The IRS requires that you report your sweepstakes winnings as “Other Income” no matter what the value. Also, remember, too, that although sweepstakes sponsors must file a 1099 form for prizes over $600, they can report prizes of any amount to the IRS. If a sponsor reports you as a winner but you don’t report the prize on your taxes, the IRS might notice the discrepancy and investigate your taxes.
Things You Can Do to Avoid Being Scammed
- Spot Deception. Scammers often pretend to be someone you trust, like a government official, a family member, a charity, or a company you do business with. Don’t send money or give out personal information in response to an unexpected request — whether it comes as a text, a phone call, or an email.
- Learn the Facts: Type a company or product name into your favorite search engine along the with words like “review,” “complaint” or “scam.” Or search for a phrase that describes your situation, like “IRS call.” You can even search for phone numbers to see if other people have reported them as scams.
- Seeing is NOT Believing -Don’t believe your caller ID. Technology makes it easy for scammers to fake caller ID information, so the name and number you see aren’t always real. If someone calls asking for money or personal information, hang up. If you think the caller might be telling the truth, call back to a number you know is genuine.

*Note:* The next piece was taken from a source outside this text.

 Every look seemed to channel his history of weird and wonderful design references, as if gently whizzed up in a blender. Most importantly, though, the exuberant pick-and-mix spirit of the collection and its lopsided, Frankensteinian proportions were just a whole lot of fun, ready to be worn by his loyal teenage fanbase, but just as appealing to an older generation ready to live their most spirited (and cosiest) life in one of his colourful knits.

- Don’t buy a pig in a poke! – Someone might ask you to pay in advance for things like lottery winnings, debt relief, credit and loan offers, mortgage assistance, or a job. They might even say you’ve won a prize, but first you have to pay taxes or fees. If you do, they will probably take your money and disappear.

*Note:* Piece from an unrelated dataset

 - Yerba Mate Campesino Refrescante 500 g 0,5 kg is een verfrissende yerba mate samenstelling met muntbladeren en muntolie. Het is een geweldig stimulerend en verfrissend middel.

- Consider how you pay. Credit cards have significant fraud protection built in, but some payment methods don’t. Wiring money through services like Western Union or MoneyGram is risky because it’s nearly impossible to get your money back. That’s also true for reloadable cards like MoneyPak Reloadit or Vanilla. Government offices and honest companies won’t require you to use these payment methods.

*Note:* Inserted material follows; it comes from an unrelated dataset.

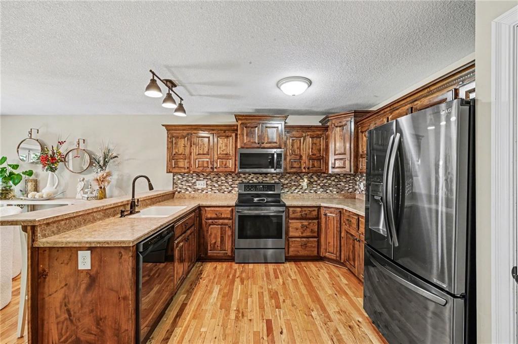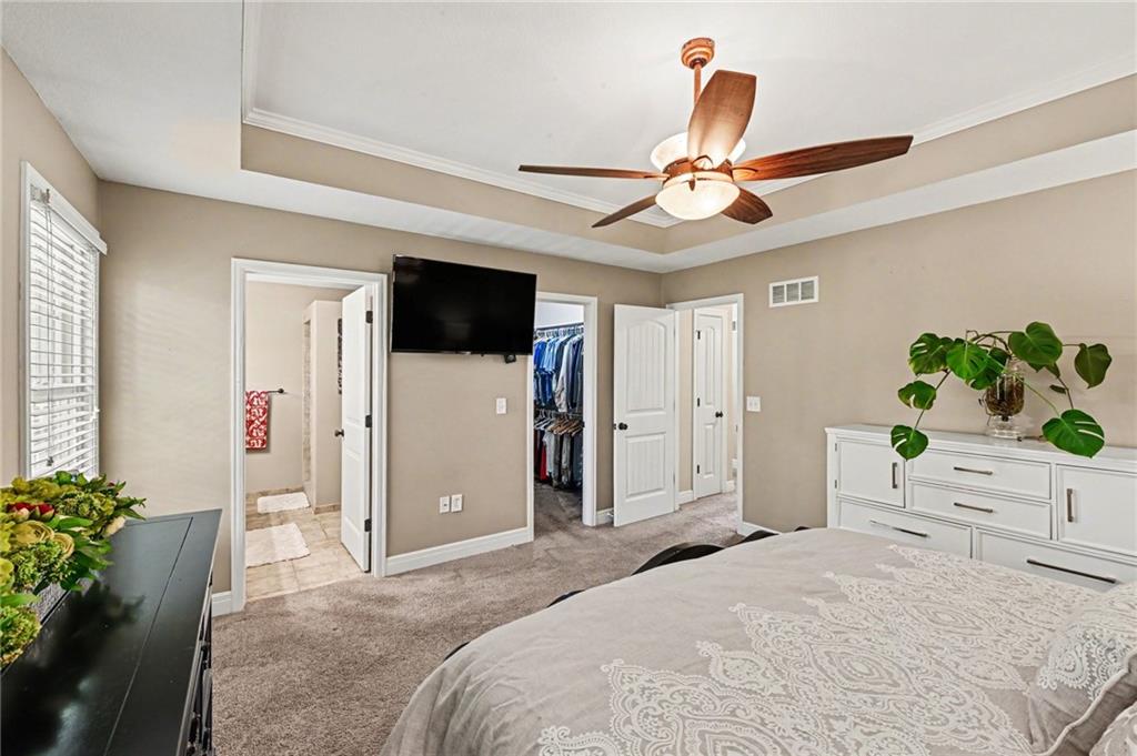 Just a few minutes from K-7 and I-435, but nestled in one of the most amazing quiet neighborhoods, this stunning 4-bedroom, 3-bathroom Reverse 1.5-story home offers THE preferred floor plan with thoughtful details throughout. From the moment you arrive, you’ll notice the meticulously maintained yard and beautiful landscaping, setting the tone for how well this home has been cared for. The main level primary suite is complete with an attached bath featuring a walk-in rain shower. The cozy living room is anchored by a gas fireplace, creating the perfect space to relax. The kitchen is both stylish and functional, offering a lovely pantry, two lazy Susans, pull-out shelves, and an LG appliance suite that stays. Downstairs, the spacious rec room gives you even more room to spread out and entertain, with a walkout lower level leading directly to the backyard. A standout feature is the second lower-level bedroom, which has its own private entrance, full bathroom, and washer/dryer combo—ideal for guests, multi-generational living, or added privacy. This home is packed with extras, including laundry on both the main and lower levels, a 50-year roof with transferable warranty, newer Anderson windows with transferable warranties, Nest cameras that stay, and the option to keep or remove the doggie door. Outdoor living shines with an extended deck featuring a netted gazebo with electricity, fan, TV, and lights, plus a new storage shed in the backyard. This isn't just a house; this is a HOME!

- Talk to a real person. – Before you give up your money or personal information, talk to someone you trust. Con artists want you to make decisions in a hurry. They might even threaten you. Slow down, check out the story, do an online search, consult an expert — or just tell a friend. If you are like me and you suspect something, give them fake information. I have a whole fake persona that I have complete with name, birthday, SSN, and I use an old address.
- Terminate robocalls. – If you answer the phone and hear a recorded sales pitch, hang up and report it to the FTC. These calls are illegal, and often the products are bogus. Don’t press 1 to speak to a person or to be taken off the list. That could lead to more calls.
- Be suspicious about free trial offers. Some companies use free trials to sign you up for products and bill you every month until you cancel. Before you agree to a free trial, research the company and read the cancellation policy. And always review your monthly statements for charges you don’t recognize. This is especially true of internet and radio ads.
- Don’t deposit a check you receive and wire money back. By law, banks must make funds from deposited checks available within days, but uncovering a fake check can take weeks. If a check you receive from a company is deposited into your account turns out to be a fake, you’re responsible for repaying the bank. This is a well-known scam of sweepstakes, and job offers.
- Sign up for free scam alerts from the FTC at ftc.gov/scams. Get the latest tips and advice about scams sent right to your inbox.
If you spot a scam, report it at ftc.gov/complaint. Your reports help the FTC and other law enforcement investigate scams and bring crooks to justice.